What the task asks
Transcribe the records from the line containing "A tot boy pours" onward, up to and including the final line, exactly and without anything else.

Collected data
▬▬▬▬▬▬▬▬▬▬

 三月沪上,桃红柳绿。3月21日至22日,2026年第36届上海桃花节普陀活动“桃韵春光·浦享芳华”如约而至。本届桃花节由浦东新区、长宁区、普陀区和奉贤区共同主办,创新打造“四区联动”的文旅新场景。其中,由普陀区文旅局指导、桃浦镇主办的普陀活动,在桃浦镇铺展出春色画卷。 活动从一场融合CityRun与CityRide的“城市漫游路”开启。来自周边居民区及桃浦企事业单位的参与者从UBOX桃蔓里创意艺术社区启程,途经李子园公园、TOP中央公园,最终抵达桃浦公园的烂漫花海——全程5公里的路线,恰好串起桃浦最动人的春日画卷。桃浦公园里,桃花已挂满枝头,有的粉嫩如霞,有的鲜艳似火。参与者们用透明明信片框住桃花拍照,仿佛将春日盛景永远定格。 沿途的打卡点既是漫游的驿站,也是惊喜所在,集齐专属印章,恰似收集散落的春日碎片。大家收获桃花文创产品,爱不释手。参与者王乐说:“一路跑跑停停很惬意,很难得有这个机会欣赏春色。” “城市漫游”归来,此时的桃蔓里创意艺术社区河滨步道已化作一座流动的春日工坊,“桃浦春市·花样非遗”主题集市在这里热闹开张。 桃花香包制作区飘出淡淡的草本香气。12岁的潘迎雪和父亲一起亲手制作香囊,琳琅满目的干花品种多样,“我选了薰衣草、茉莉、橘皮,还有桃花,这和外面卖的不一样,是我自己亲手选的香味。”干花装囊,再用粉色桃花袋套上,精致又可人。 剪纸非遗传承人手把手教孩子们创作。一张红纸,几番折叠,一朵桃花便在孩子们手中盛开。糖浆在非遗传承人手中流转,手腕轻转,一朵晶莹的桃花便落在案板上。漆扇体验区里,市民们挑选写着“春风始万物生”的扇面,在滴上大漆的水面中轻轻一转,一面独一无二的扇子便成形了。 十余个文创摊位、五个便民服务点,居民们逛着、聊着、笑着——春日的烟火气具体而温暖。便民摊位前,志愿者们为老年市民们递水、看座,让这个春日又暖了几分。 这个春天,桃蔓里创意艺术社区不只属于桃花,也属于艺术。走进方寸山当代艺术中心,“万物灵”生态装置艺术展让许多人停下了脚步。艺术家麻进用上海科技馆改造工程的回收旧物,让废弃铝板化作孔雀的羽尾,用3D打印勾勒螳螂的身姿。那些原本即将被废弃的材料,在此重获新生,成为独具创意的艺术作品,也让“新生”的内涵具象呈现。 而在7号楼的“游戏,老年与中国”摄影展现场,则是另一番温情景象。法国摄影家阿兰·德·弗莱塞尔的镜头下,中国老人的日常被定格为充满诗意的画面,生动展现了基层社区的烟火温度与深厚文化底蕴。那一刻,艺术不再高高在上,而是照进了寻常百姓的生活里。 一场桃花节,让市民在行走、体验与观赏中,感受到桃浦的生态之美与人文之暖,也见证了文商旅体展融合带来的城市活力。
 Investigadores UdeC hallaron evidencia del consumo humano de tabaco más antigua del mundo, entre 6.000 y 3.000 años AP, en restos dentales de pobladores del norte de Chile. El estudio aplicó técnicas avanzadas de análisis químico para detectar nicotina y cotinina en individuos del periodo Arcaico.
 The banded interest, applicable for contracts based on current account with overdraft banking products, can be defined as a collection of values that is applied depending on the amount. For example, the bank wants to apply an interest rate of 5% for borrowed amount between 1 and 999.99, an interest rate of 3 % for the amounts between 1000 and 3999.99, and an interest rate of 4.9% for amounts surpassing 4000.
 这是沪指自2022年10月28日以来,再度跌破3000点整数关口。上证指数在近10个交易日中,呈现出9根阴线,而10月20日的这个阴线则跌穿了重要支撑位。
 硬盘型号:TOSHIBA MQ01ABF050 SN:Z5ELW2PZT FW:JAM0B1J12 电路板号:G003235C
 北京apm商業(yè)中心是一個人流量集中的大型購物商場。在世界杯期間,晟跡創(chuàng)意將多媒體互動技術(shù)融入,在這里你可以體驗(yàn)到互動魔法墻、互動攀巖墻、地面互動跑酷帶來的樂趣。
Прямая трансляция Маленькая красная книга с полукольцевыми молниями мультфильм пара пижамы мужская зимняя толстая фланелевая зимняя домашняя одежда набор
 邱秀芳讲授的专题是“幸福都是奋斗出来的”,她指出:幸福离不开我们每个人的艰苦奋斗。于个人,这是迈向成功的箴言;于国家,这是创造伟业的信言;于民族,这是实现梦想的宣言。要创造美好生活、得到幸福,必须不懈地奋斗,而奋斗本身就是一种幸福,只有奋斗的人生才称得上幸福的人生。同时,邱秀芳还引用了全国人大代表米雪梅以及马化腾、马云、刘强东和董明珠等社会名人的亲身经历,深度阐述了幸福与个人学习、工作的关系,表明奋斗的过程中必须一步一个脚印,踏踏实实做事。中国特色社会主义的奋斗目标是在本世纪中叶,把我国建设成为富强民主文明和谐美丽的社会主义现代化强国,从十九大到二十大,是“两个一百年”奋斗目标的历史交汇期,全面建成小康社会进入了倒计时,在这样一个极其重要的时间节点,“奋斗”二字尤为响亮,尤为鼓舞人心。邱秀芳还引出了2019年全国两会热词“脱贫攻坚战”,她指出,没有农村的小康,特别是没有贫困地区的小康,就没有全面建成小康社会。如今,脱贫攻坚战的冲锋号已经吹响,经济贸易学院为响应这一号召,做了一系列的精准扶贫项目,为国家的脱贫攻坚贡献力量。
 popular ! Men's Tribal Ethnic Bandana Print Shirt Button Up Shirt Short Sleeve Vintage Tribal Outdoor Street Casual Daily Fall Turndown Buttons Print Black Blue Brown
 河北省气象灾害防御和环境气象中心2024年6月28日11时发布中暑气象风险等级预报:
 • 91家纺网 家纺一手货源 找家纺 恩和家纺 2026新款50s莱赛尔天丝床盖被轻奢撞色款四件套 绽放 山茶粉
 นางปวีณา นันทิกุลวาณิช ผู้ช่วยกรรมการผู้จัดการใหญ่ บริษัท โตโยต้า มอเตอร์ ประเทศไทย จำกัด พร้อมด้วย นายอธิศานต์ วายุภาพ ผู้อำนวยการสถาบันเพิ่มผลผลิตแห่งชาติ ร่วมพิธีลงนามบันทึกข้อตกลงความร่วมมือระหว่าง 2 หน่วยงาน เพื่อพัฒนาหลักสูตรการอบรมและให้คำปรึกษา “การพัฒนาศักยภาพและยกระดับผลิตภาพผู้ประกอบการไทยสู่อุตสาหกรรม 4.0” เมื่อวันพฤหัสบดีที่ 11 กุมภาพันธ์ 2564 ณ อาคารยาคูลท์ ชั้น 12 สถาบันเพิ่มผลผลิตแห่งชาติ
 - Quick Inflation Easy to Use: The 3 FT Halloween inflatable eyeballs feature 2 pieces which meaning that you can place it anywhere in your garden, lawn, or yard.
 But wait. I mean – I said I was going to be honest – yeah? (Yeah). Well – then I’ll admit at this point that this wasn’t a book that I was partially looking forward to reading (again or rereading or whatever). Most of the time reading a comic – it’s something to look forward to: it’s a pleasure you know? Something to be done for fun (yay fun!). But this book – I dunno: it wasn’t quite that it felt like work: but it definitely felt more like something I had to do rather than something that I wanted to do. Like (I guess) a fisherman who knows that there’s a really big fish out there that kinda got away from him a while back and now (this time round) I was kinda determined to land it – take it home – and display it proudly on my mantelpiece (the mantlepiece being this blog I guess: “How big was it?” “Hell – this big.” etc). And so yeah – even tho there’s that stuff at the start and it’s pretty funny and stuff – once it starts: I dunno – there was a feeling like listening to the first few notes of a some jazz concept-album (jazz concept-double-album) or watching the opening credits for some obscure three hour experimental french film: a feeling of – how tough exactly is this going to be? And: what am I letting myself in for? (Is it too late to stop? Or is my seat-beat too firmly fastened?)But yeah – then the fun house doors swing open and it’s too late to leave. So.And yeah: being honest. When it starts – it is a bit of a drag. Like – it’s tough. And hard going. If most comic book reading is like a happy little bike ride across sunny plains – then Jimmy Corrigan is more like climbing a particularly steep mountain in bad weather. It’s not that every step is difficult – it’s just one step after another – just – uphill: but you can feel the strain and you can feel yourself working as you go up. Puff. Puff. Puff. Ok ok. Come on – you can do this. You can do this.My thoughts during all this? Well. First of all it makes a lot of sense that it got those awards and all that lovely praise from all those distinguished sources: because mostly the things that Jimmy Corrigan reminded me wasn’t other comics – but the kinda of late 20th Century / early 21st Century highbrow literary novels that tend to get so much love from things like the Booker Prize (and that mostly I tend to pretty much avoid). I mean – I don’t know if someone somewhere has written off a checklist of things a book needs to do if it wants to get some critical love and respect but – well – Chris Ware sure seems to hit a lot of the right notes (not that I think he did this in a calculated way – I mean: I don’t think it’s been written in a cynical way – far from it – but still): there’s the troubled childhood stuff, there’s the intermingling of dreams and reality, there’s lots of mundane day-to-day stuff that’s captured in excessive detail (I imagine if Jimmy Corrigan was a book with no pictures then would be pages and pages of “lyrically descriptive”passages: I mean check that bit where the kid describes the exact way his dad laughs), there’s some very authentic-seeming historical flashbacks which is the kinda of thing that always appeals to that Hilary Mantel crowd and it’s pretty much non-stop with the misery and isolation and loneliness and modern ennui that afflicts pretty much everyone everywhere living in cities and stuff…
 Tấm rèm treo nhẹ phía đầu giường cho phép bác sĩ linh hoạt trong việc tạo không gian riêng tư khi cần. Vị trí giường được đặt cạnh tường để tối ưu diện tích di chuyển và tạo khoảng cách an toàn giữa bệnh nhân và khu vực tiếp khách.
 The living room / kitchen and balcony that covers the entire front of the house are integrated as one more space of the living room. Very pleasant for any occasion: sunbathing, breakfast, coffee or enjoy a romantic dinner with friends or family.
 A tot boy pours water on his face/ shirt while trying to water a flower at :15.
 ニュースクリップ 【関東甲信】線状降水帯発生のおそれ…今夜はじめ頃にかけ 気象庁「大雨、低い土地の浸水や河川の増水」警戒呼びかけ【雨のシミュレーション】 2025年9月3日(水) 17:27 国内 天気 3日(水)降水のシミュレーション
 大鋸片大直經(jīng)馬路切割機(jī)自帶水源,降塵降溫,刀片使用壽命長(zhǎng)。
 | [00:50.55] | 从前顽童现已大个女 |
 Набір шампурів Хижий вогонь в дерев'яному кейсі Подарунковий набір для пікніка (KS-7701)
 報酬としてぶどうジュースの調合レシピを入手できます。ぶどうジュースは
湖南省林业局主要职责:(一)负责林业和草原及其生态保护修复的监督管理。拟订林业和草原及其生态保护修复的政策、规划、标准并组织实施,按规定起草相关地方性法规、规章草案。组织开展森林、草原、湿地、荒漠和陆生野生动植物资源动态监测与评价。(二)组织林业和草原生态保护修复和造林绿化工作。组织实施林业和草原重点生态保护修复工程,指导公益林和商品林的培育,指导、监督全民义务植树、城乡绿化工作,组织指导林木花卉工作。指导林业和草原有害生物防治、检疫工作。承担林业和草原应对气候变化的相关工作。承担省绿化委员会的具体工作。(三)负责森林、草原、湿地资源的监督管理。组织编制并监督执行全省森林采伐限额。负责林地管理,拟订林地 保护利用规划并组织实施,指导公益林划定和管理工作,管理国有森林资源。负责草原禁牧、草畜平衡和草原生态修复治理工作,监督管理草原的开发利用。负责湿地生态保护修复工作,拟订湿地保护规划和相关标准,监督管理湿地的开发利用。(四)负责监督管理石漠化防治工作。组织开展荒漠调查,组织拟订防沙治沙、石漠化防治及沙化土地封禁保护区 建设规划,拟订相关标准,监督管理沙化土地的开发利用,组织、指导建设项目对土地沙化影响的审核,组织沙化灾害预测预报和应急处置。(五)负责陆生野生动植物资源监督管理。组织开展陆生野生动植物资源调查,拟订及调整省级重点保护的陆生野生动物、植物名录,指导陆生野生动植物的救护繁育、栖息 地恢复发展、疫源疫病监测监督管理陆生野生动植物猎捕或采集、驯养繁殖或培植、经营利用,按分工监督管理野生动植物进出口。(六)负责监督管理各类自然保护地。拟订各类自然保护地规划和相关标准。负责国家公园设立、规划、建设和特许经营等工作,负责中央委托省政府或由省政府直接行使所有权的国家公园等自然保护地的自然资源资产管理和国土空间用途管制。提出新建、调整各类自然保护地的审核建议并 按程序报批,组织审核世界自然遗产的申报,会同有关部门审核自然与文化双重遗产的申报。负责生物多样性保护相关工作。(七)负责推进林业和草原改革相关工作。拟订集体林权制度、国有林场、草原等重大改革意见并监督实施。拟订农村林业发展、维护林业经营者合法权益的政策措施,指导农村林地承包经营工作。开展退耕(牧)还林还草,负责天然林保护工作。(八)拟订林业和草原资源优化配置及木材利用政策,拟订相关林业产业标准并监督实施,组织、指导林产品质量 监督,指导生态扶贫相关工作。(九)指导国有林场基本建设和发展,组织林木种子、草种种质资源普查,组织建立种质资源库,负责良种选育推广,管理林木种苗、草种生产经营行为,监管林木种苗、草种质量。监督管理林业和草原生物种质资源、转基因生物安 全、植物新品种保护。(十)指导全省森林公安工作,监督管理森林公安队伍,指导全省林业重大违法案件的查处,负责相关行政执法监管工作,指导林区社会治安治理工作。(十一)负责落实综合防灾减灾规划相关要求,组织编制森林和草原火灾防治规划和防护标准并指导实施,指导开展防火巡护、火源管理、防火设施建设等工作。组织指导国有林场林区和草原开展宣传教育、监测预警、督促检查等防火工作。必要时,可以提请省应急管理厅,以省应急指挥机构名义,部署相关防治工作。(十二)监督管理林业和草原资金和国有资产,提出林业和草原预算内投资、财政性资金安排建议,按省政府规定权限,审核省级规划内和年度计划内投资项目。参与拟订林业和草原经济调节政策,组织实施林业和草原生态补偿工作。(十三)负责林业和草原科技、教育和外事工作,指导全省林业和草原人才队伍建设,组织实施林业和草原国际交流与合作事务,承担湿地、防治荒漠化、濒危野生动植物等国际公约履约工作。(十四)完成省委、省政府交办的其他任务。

▬▬▬▬▬▬▬▬▬▬

Task solution
 A tot boy pours water on his face/ shirt while trying to water a flower at :15.
 ニュースクリップ 【関東甲信】線状降水帯発生のおそれ…今夜はじめ頃にかけ 気象庁「大雨、低い土地の浸水や河川の増水」警戒呼びかけ【雨のシミュレーション】 2025年9月3日(水) 17:27 国内 天気 3日(水)降水のシミュレーション
 大鋸片大直經(jīng)馬路切割機(jī)自帶水源,降塵降溫,刀片使用壽命長(zhǎng)。
 | [00:50.55] | 从前顽童现已大个女 |
 Набір шампурів Хижий вогонь в дерев'яному кейсі Подарунковий набір для пікніка (KS-7701)
 報酬としてぶどうジュースの調合レシピを入手できます。ぶどうジュースは
湖南省林业局主要职责:(一)负责林业和草原及其生态保护修复的监督管理。拟订林业和草原及其生态保护修复的政策、规划、标准并组织实施,按规定起草相关地方性法规、规章草案。组织开展森林、草原、湿地、荒漠和陆生野生动植物资源动态监测与评价。(二)组织林业和草原生态保护修复和造林绿化工作。组织实施林业和草原重点生态保护修复工程,指导公益林和商品林的培育,指导、监督全民义务植树、城乡绿化工作,组织指导林木花卉工作。指导林业和草原有害生物防治、检疫工作。承担林业和草原应对气候变化的相关工作。承担省绿化委员会的具体工作。(三)负责森林、草原、湿地资源的监督管理。组织编制并监督执行全省森林采伐限额。负责林地管理,拟订林地 保护利用规划并组织实施,指导公益林划定和管理工作,管理国有森林资源。负责草原禁牧、草畜平衡和草原生态修复治理工作,监督管理草原的开发利用。负责湿地生态保护修复工作,拟订湿地保护规划和相关标准,监督管理湿地的开发利用。(四)负责监督管理石漠化防治工作。组织开展荒漠调查,组织拟订防沙治沙、石漠化防治及沙化土地封禁保护区 建设规划,拟订相关标准,监督管理沙化土地的开发利用,组织、指导建设项目对土地沙化影响的审核,组织沙化灾害预测预报和应急处置。(五)负责陆生野生动植物资源监督管理。组织开展陆生野生动植物资源调查,拟订及调整省级重点保护的陆生野生动物、植物名录,指导陆生野生动植物的救护繁育、栖息 地恢复发展、疫源疫病监测监督管理陆生野生动植物猎捕或采集、驯养繁殖或培植、经营利用,按分工监督管理野生动植物进出口。(六)负责监督管理各类自然保护地。拟订各类自然保护地规划和相关标准。负责国家公园设立、规划、建设和特许经营等工作,负责中央委托省政府或由省政府直接行使所有权的国家公园等自然保护地的自然资源资产管理和国土空间用途管制。提出新建、调整各类自然保护地的审核建议并 按程序报批,组织审核世界自然遗产的申报,会同有关部门审核自然与文化双重遗产的申报。负责生物多样性保护相关工作。(七)负责推进林业和草原改革相关工作。拟订集体林权制度、国有林场、草原等重大改革意见并监督实施。拟订农村林业发展、维护林业经营者合法权益的政策措施,指导农村林地承包经营工作。开展退耕(牧)还林还草,负责天然林保护工作。(八)拟订林业和草原资源优化配置及木材利用政策,拟订相关林业产业标准并监督实施,组织、指导林产品质量 监督,指导生态扶贫相关工作。(九)指导国有林场基本建设和发展,组织林木种子、草种种质资源普查,组织建立种质资源库,负责良种选育推广,管理林木种苗、草种生产经营行为,监管林木种苗、草种质量。监督管理林业和草原生物种质资源、转基因生物安 全、植物新品种保护。(十)指导全省森林公安工作,监督管理森林公安队伍,指导全省林业重大违法案件的查处,负责相关行政执法监管工作,指导林区社会治安治理工作。(十一)负责落实综合防灾减灾规划相关要求,组织编制森林和草原火灾防治规划和防护标准并指导实施,指导开展防火巡护、火源管理、防火设施建设等工作。组织指导国有林场林区和草原开展宣传教育、监测预警、督促检查等防火工作。必要时,可以提请省应急管理厅,以省应急指挥机构名义,部署相关防治工作。(十二)监督管理林业和草原资金和国有资产,提出林业和草原预算内投资、财政性资金安排建议,按省政府规定权限,审核省级规划内和年度计划内投资项目。参与拟订林业和草原经济调节政策,组织实施林业和草原生态补偿工作。(十三)负责林业和草原科技、教育和外事工作,指导全省林业和草原人才队伍建设,组织实施林业和草原国际交流与合作事务,承担湿地、防治荒漠化、濒危野生动植物等国际公约履约工作。(十四)完成省委、省政府交办的其他任务。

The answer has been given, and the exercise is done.